Abstract
Protein-protein interactions play a crucial role in almost all cellular processes. Identifying interacting proteins reveals insight into living organisms and yields novel drug targets for disease treatment. Here, we present a publicly available, automated pipeline to predict genome-wide protein-protein interactions and produce high-quality multimeric structural models.
Application of our method to the Human and Yeast genomes yield protein-protein interaction networks similar in quality to common experimental methods. We identified and modeled Human proteins likely to interact with the papain-like protease of SARS-CoV2’s non-structural protein 3 (Nsp3). We also produced models of SARS-CoV2’s spike protein (S) interacting with myelin-oligodendrocyte glycoprotein receptor (MOG) and dipeptidyl peptidase-4 (DPP4).

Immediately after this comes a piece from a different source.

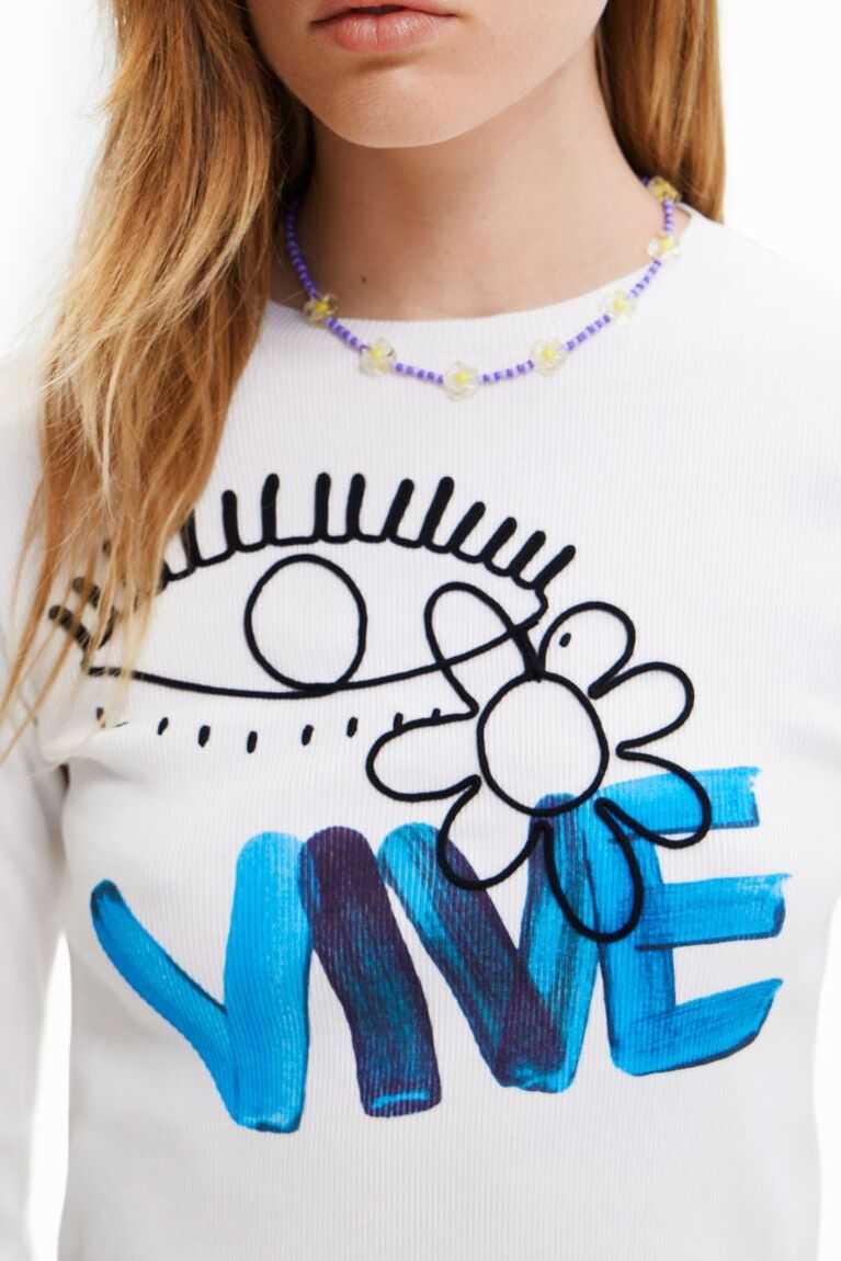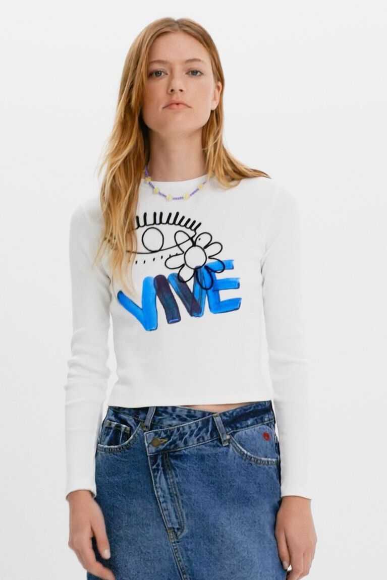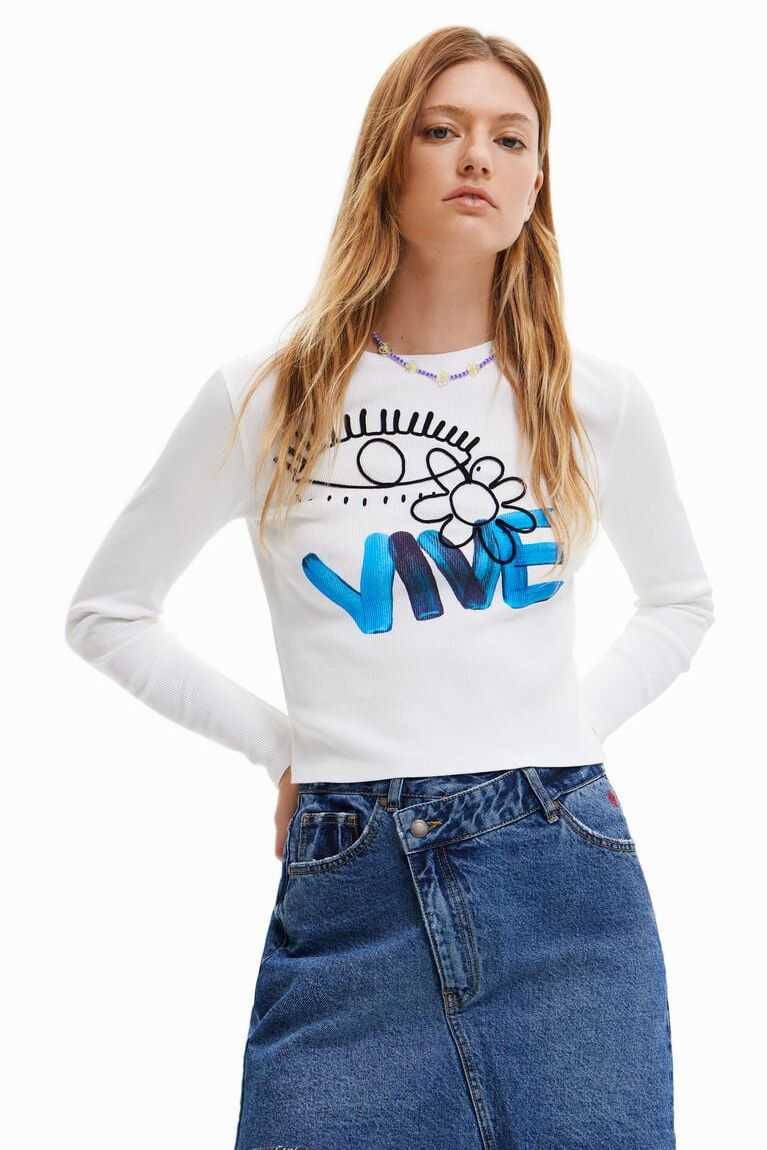 This playful cropped cotton T-shirt features a "Vive" message in a hand-painted effect. A flower and eye also decorate the front.
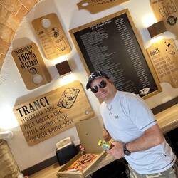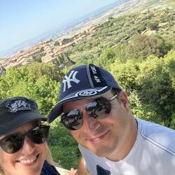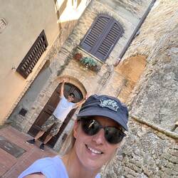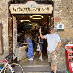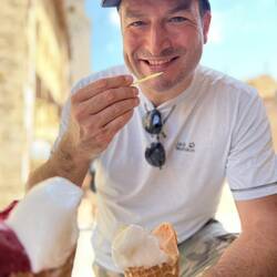 Naja wir fahren weiter und legen einen Halt in San Gimignano, einer wunderschönen Altstadt ein. Der ist Planmäßig für unser „2. Frühstück- EIS“. Sie ist inzwischen wirklich überlaufen aber es tut der Optik keinen Abbruch. Ich werde von einem riesigen Schokobrunnen magisch angezogen und kurze Zeit darauf später stehen wir mit gefüllten Backen mitten in einem Feinkostladen. Wir probieren Pralinen, Kekse und Pesto und müssen natürlich auch was kaufen 🤓. Aus dem 2. word dann wohl ein 3. Frühstück. Auf Empfehlung besuchen wir die beste Eisdiele der Welt und sind überrascht, das es davon gleich Mehrere gibt, wir halten und aber strickt an unsere Empfehlung von Karstens Kollege und müssen sagen ja lecker… da ich gestern bereits mein Weltbestes Schokoladeneis gefunden habe und ich mir das nicht nehmen will, esse ich Brombeere, Zitrone und Himbeer Rosmarin Eis, natürlich standesgemäß in der Waffel. Karsten hat sich für Zitrone, Passionsfrucht und Melone entschieden mmmhhhh… ich brauch mal wieder 5 Minuten, um die Beweise aus meinem Gesicht zu entfernen dann schlendern wir weiter. Ich erklimme noch den Turm… Bei 30 Grad eine tolle Erfahrung mit den Stufen und so… zum Bachtisch gibt’s noch ein Stück Pizza… 🤭.

The presented method is capable of confidently identifying interactions while providing high-quality multimeric structural models for experimental validation.
The interactome modeling pipeline is available at usegalaxy.org.
Introduction
Obtaining a complete map of interacting proteins is crucial to decipher the inner workings of living organisms. Among many other roles, proteins act in dynamic collaboration to fulfill biological functions by catalyzing chemical processes. Commonly, interactions are elucidated through a variety of experimental methods (Shoemaker, 2007, Zhou, 2016) which are capable of evaluating an ever-larger number of putative protein pairs. Unfortunately, the overlap between these methods is often limited which indicates either a high false positive rate or a low coverage. Often 40 to 90% of the detected interactions do not overlap between different methods (Mering, 2004, Rao, 2014). Also, high throughput methods do not provide structural insights into the formed protein-protein complex. More reliable methods such as crystallography and NMR spectroscopy do yield structural information but are labor intensive and as such only applicable to a limited number of proteins. In a recent study we demonstrated that the gap between low and high throughput methods can be bridged by identifying distantly related protein-protein homologues with similar protein-protein interfaces (Gong, 2021). Application of the SPRING method (Guerler, 2013) to Escherichia coli competitively identified protein-protein interactions while producing accurate multimeric protein structure models of which 39 by now have been confirmed in high-resolution experiments. Other studies applied our method to the minimal synthetic genome syn3.0 (Zhang, 2021) and the mouse genome (Li, 2016). In the present study we describe how we implemented our pipeline on Galaxy (Afgan, 2018), a web-based computational workbench used by many scientists across the world to analyze large data sets.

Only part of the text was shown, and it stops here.